A River Runs Through Us

A podcast series aims to chart a forward course for Willamette restoration

With credit and a humble apology, I take the title of Norman Maclean’s book A River Runs Through It and strive to make it more personal and inclusive by replacing “It” with “Us.”

For we, the people who now call Oregon home, should have a personal relationship with the many river arteries that run through our state: the Deschutes, John Day, Klamath, Malheur, Columbia, Trask, Pudding, Wilson -- the list goes on.

But no river has been altered, used, abused, and loved like the Willamette.

Call it the happenstance of human migration, the mistakes of our mothers and fathers, progress, or opportunity; this river, which many of us see each day, has defined where we live.

What the Willamette has seen; from the earliest human settlements thousands of years ago, to the massive and repeated Missoula Floods, where the depth of water rose up to what is now the highest floors of our Portland bank towers, to the commerce and recreation of the recent past -- this river was and does shape our lives.

As the Willamette Valley changed, so did the river. Where once grasslands, oak savannas, meanders and floodplains made for a natural balance of nature, our river has now has been “tamed” into a channel.

Over the “modern” years, it has been used as a garbage dump, toilet, a place where “out of sight, out of mind” was the operating procedure, manifested by either letting waste materials leach into the soils adjacent to the waterway, or by simply pouring it directly into the water.

Such was the accepted practice for almost 100 years.

We have used the Willamette for commerce, manufacturing, ship-building, industry and recreation.
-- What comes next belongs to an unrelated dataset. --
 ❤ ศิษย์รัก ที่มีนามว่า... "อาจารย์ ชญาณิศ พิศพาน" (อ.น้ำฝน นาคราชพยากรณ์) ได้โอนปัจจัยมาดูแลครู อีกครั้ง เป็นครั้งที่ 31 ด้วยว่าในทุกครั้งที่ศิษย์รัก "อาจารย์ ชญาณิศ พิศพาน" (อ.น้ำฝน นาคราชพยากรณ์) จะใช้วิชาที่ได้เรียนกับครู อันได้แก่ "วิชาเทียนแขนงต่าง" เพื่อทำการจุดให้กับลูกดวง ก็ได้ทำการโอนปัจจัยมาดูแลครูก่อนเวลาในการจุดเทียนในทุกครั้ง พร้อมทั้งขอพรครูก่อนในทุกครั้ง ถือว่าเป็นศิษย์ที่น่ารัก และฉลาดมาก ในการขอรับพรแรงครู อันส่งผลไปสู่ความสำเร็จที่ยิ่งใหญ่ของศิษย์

Yet for centuries, this river was a major source of life giving food and materials to the Native Americans. You can see where the uses conflicted with one another.
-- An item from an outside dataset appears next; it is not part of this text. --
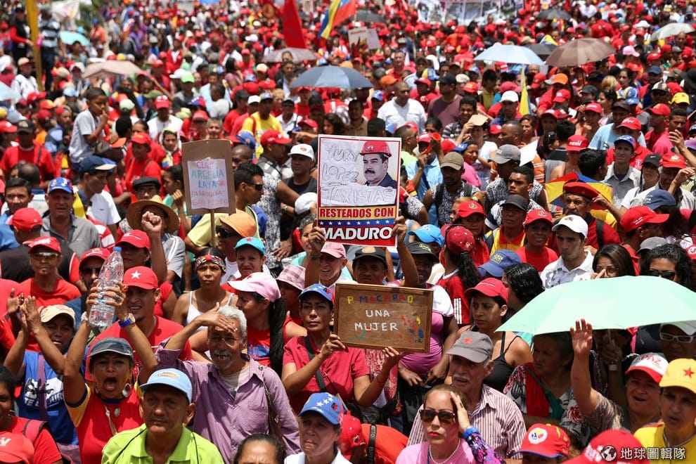 路透社在反馬杜洛示威的一角,也可以看到身穿紅衣的挺馬杜洛民眾,昨日約有千名民眾上街表達對馬杜洛的支持。

Which brings us to where we are now. How do we rectify past abuses that stemmed from industrial progress? How do we go forward?

There is hope. Tribal Nations, environmental and recreational organizations, large and small companies, government agencies and neighbors -- all share a common goal: to bring the lower Willamette back to a healthy state.
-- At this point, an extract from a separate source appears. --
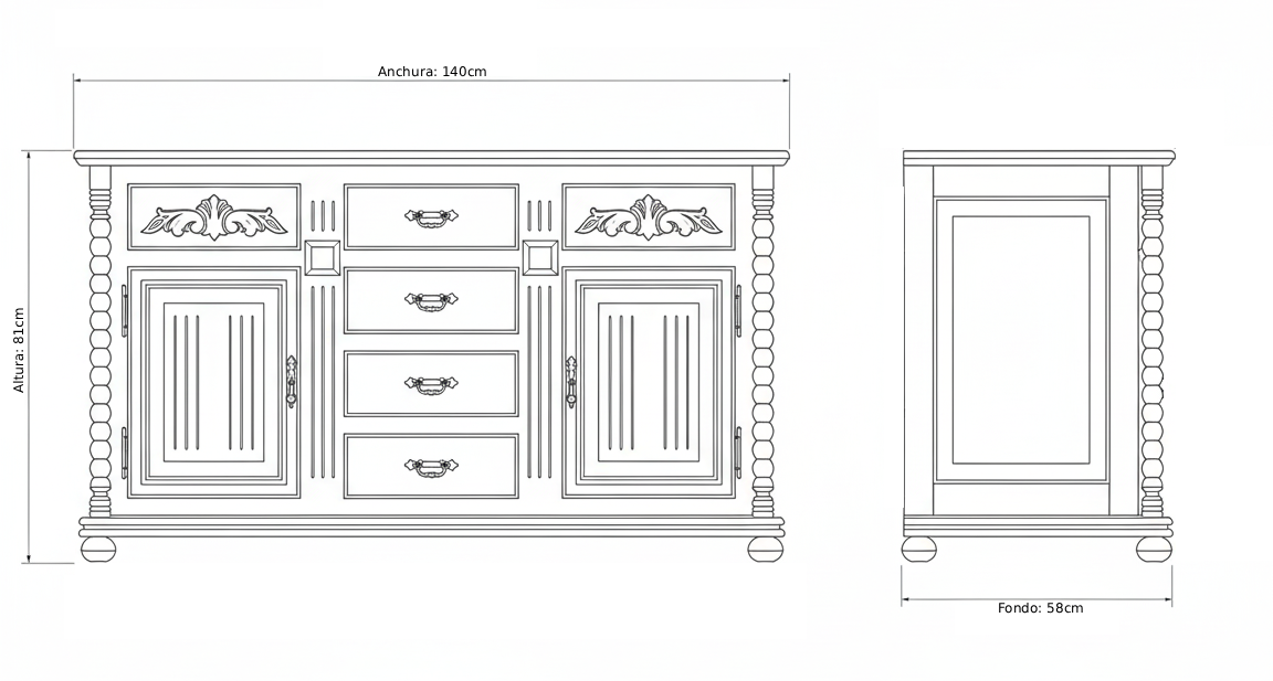 • Medidas: 140 cm de ancho x 58 cm de fondo x 81 cm de alto.

We know that we will never be able to rewind history and arrive at where the river was before we came here. But, working together, we can create a new legacy where past ills are identified, worked on, and corrected.

For over 18 years, I had the honor of serving Oregon as the executive director of Governor Tom McCall’s non-profit organization, SOLVE.

One of my favorite quotes of all time came from this remarkable lover of his adopted state. Tom McCall proclaimed, “Heroes are not giant statues, framed against a red sky. They are people who say, “this is my community and it is my responsibility to make it better.”

And so, I extend a heartfelt invitation to become a hero for your Oregon.

In 2013, I was approached by the Port of Portland to be involved in an ambitious, public undertaking. It was not only to help tell the story of the Willamette, but also to engage us, the people, in an effort to become aware and take part in this process of restoration by creating a series of podcasts. Together, we interviewed over 40 representatives associated with the river in some way. The series -- called "One River, Many Voices" -- is now available free on iTunes.

For me, this has been and continues to be a personal, educational journey. Now, it's my hope that you will take an opportunity to listen to the series and get involved as the remediation process progresses. We owe it to our families, our neighbors and ourselves to become part of the Willamette's next chapter.

From 1990 to 2008, Jack McGowan was Executive Director of SOLVE, a coastal beach cleanup which has now spread to over 100 foreign countries. Over the past five decades, he has worked as an on-air radio and television host, assistant to Portland Mayor J.E. Bud Clark, producer of the Mt. Hood Festival of Jazz, and Public Relations Director for the Oregon Zoo. In 2013, the Port of Portland asked Jack to create the podcast series "One River, Many Voices," which interviews over 40 representatives with a stake in the restoration of the Willamette River.